とりわけ見過ごせないのは、「陛下のお言葉をこの胸に国体を担う団体として組織の役割を明確にして参ります」との一文。貴乃花にとっては、現在の相撲協会のあり方は、「陛下のお言葉」を体していない。「国体を担う団体」ともなっていない、というのだ。自分こそが天命を帯びて、「その組織の役割を明確にして参ります」と見当違いの使命感が語られている。

もとより思想は自由だが、その批判も自由。「国体」や「陛下」を振り回す「思想」にはうんざりだ。批判せざるを得ないし、天皇にも定めし迷惑なことになろう。こんなことが重なれば、相撲見物にも足を運びにくくなるだろう。

もう一つ見過ごせないのは、「日本を取り戻すことのみ私の大義であり大道であります」というくだり。「日本を取り戻す」は安倍晋三のスローガンだ。「日本」とは、いったいどんな日本で、取り戻すとは何のことか。
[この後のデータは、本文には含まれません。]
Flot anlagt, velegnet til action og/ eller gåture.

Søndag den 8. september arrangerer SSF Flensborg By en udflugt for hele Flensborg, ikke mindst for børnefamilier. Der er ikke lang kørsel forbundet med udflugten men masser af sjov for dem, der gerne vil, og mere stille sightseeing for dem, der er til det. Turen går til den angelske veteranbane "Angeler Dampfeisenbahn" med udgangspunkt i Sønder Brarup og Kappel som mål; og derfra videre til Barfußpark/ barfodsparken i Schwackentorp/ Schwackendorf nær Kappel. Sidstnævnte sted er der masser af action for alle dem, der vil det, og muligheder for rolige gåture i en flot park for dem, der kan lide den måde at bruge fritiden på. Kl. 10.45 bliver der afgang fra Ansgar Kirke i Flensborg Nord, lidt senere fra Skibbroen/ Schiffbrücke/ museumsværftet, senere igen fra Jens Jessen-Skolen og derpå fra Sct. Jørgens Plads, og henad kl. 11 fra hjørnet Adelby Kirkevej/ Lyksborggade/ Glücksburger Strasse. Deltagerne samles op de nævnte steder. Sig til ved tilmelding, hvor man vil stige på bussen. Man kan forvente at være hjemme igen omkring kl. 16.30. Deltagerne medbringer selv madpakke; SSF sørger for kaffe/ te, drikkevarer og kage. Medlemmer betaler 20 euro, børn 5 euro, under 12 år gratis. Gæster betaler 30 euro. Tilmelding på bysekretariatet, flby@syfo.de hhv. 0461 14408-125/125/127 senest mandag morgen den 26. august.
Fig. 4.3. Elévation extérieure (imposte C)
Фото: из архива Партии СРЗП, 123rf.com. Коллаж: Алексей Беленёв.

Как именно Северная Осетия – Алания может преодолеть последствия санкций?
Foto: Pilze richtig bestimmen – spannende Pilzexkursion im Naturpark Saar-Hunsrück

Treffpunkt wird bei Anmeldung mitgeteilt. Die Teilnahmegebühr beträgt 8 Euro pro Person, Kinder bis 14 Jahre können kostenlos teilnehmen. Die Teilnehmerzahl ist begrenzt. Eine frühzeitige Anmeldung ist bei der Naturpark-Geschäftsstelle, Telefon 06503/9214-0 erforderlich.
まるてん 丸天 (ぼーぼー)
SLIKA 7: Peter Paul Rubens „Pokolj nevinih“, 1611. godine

具体的には何を言っているのか理解不能だが、安倍晋三自身にもよく分かっていないことだろう。注目すべきは、貴乃花が安倍晋三のキャッチフレーズを口まねしていることなのだ。

しかし、もしかしたら貴乃花は本気で「万世一系の天皇が統治す」る、「富国強兵」の大日本帝国を取り戻そうとしているのかも知れない。軍国主義が跋扈したあの天皇制権力の時代の軍国日本。時代錯誤の貴乃花の脳裏にある、角道の精華とは、陛下のお言葉を体し国士として陛下の御守護することにあるのだ。相撲協会は、そのような国体を担う団体であることを明確にしなければならない、と言っているようにも解せるのだ。
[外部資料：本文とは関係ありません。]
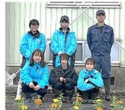
5月27・28日 農大生 「花壇花植え」
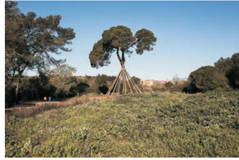
Pi d'en Xandri

Es troba a la vall de Gausac i al mig del camí tradicional de Sant Cugat a Sant Medir. L'estructura actual de la masia correspon a la masia del segle XVIII. Molt a prop, es troba el pantà de Can Borrell, que recollia aigua per ser conduïda a la bassa de la masia per a usos agrícoles.
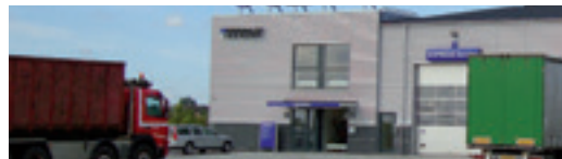
Titan Lastvogne A/S Cargovej 1, 4840 Nr. Alslev NB! Kun udlevering.
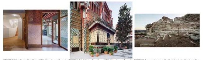
CC002042_Rehabilitacion Casa Vicens_BCN_Mireia Laporta_Tayres A... CC002044_Rehabilitacion Casa Vicens_BCN_Mireia Laporta_Tayres A... ENR000022_Recuperacion acceso Castillo Jarbo_Jarbo, Barcelona, Ca...
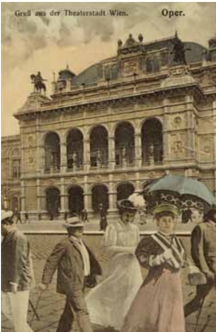
Kolorierte Ansichtskarte vom Hofoperntheater, um 1900

raum verdunkeln ließ. Auch wegen seiner Kompositionen stand er immer im Kreuzfeuer der Kritik.
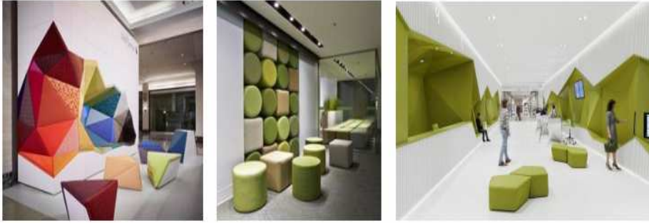
شكل (٤) تأثيرات سيكولوجية للألوان على الإنسان فإن الألوان تُؤثّر على النفس

هناك تأثيرات سيكولوجية للألوان على الإنسان فإن الألوان تُؤثّر على النفس فعندما يتم النظر إلى اللون أو الإحساس به ف يحدث في النفس إحساسات تؤدي إلى اهتزازات، بعض هذه الأفكار توحي لنا بالارتياح والطمأنينة والأخرى تؤدي إلى الاضطراب، فعند القيام بعملية تصميم لحيث داخلي ما ينظر إلى تأثيرات اللون السيكولوجية ومن بينها ما يؤثر على حجم الفضاء الداخلي الظاهري وبسبب خداع النظر وفيما يتعلق بالمسطحات والحجوم فالألوان الباردة وعلى الأخص الزرقاء الفاتحة فهي تظهر الفضاء الداخلي بأنه أكثر سعة وأكبر حجماً من حجمه الحقيقي .
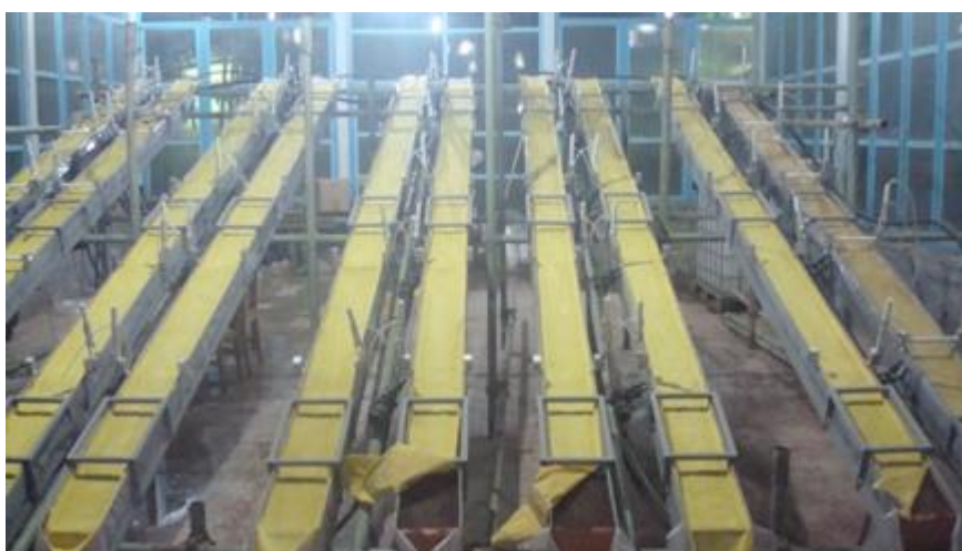
شکل ۱. تصویر و طرح شماتیکی از سیستم شبیه‌ساز دامنه

貴乃花メールには、日馬富士の貴の岩に対する傷害事件とは無関係な、相撲協会の理念をめぐるイデオロギー対立が根にあることを読みとれる。しかし、公益財団法人日本相撲協会が、貴乃花が唱導するような極右思想集団になってはならない。大相撲ファンは、そんな国技館に足を運びたくはない。そんな相撲に拍手は送らない。